▶ _Data segment_

+---+

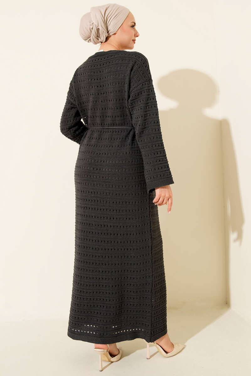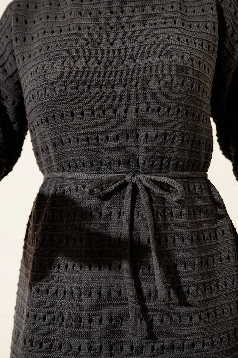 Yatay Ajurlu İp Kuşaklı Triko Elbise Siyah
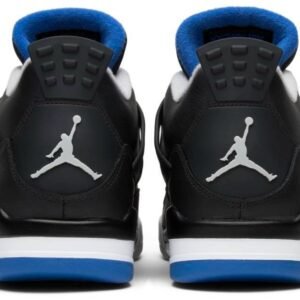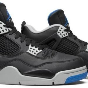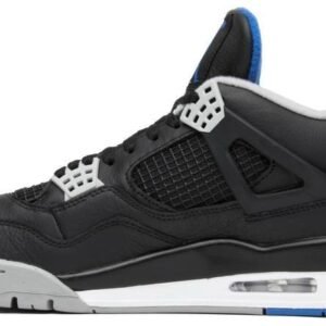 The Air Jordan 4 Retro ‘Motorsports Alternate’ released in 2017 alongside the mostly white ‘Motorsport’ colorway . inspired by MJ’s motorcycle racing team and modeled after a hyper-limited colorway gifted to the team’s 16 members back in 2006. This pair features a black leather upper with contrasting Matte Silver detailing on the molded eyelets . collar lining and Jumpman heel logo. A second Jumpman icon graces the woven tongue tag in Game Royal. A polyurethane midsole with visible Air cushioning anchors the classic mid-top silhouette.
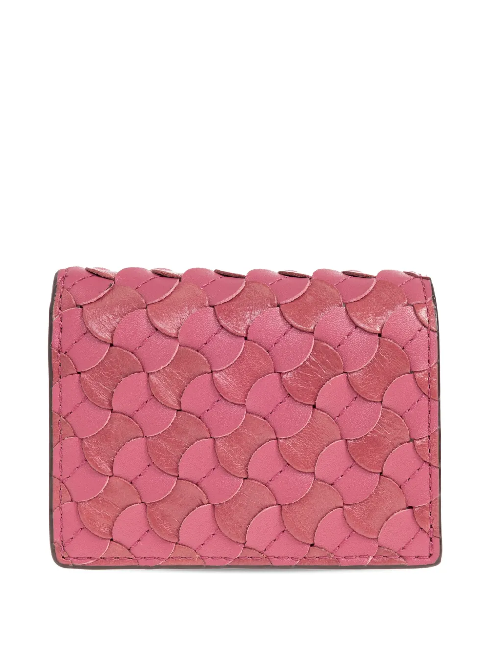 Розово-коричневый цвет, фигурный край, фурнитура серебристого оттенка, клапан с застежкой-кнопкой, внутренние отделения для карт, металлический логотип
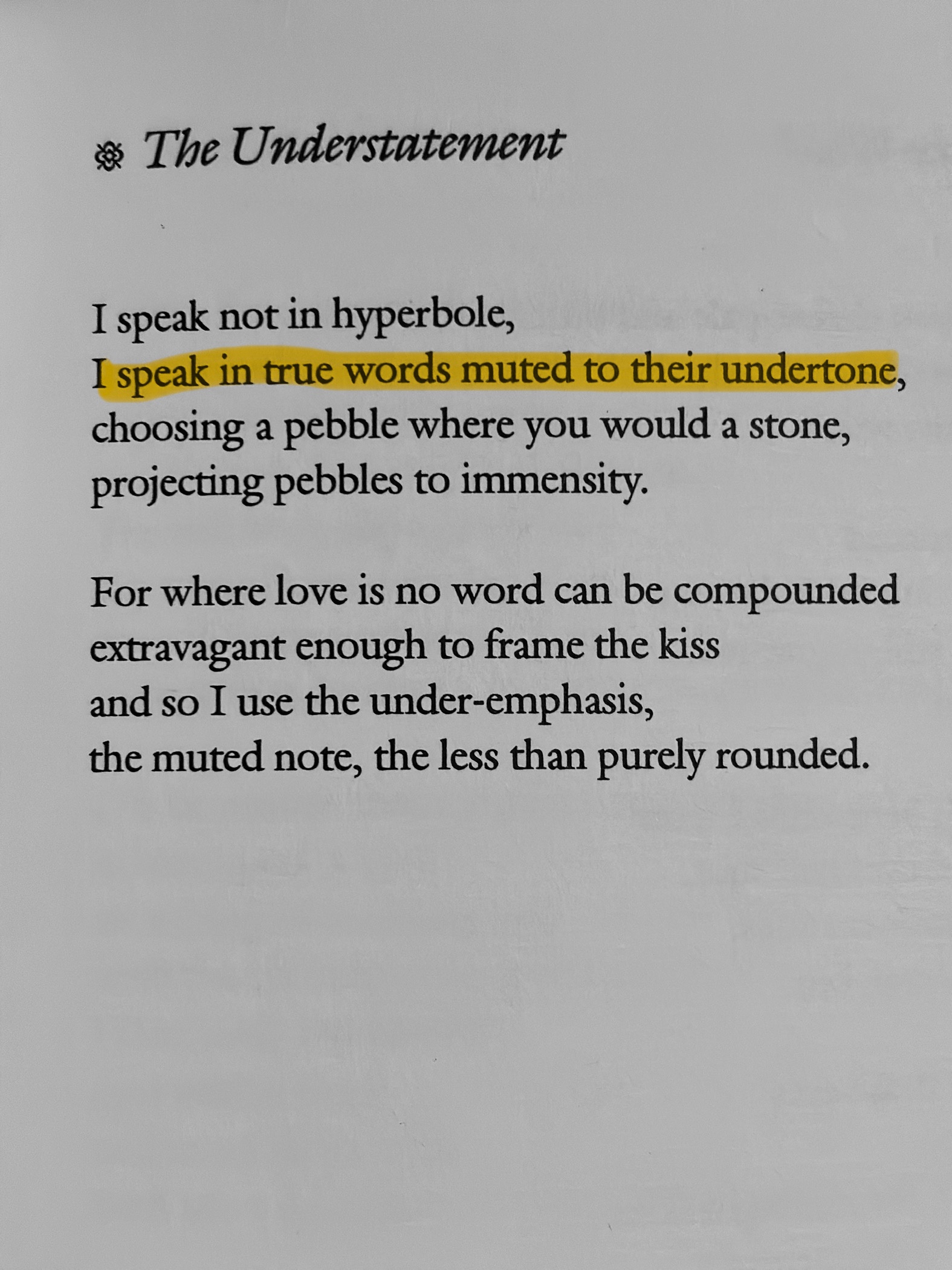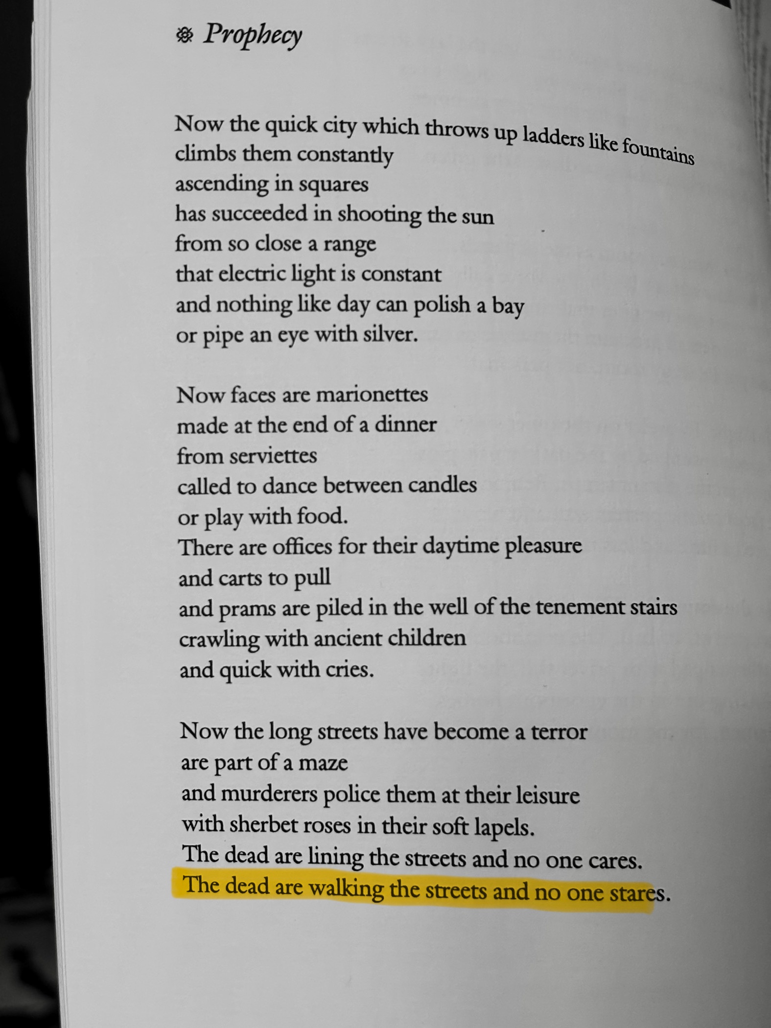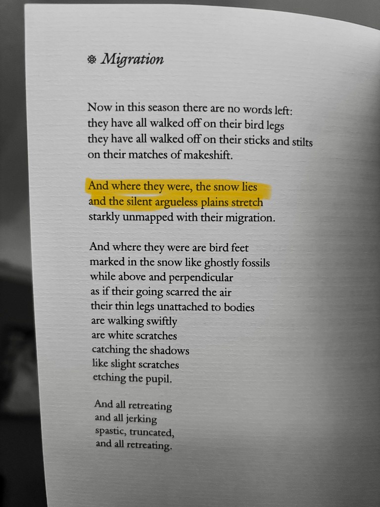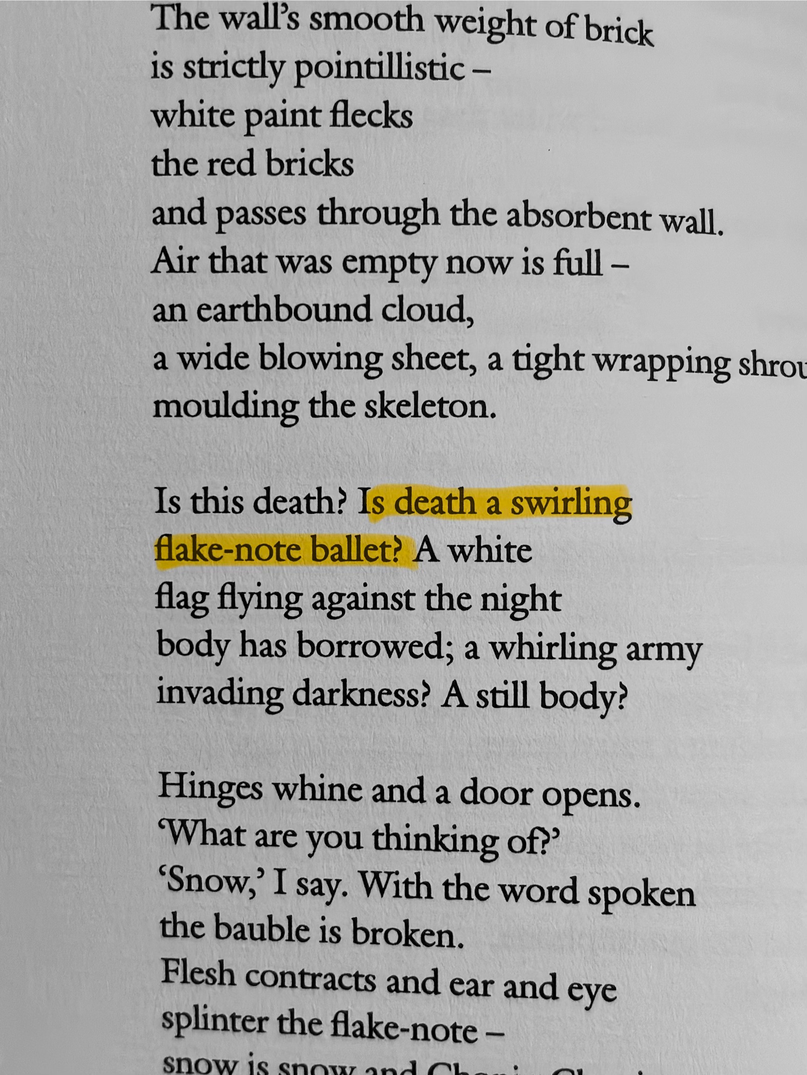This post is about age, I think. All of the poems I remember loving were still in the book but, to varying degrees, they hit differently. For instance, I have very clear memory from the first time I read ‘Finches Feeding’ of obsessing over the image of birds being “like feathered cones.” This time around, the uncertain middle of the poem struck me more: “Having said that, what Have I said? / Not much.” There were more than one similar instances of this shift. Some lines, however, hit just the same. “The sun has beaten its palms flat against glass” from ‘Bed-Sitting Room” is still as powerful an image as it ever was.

+---+

▶ _Task objective_
All of the material must be repeated exactly in the answer, apart from the pictures.

▶ _Exercise response_
 Yatay Ajurlu İp Kuşaklı Triko Elbise Siyah
 The Air Jordan 4 Retro ‘Motorsports Alternate’ released in 2017 alongside the mostly white ‘Motorsport’ colorway . inspired by MJ’s motorcycle racing team and modeled after a hyper-limited colorway gifted to the team’s 16 members back in 2006. This pair features a black leather upper with contrasting Matte Silver detailing on the molded eyelets . collar lining and Jumpman heel logo. A second Jumpman icon graces the woven tongue tag in Game Royal. A polyurethane midsole with visible Air cushioning anchors the classic mid-top silhouette.
 Розово-коричневый цвет, фигурный край, фурнитура серебристого оттенка, клапан с застежкой-кнопкой, внутренние отделения для карт, металлический логотип
This post is about age, I think. All of the poems I remember loving were still in the book but, to varying degrees, they hit differently. For instance, I have very clear memory from the first time I read ‘Finches Feeding’ of obsessing over the image of birds being “like feathered cones.” This time around, the uncertain middle of the poem struck me more: “Having said that, what Have I said? / Not much.” There were more than one similar instances of this shift. Some lines, however, hit just the same. “The sun has beaten its palms flat against glass” from ‘Bed-Sitting Room” is still as powerful an image as it ever was.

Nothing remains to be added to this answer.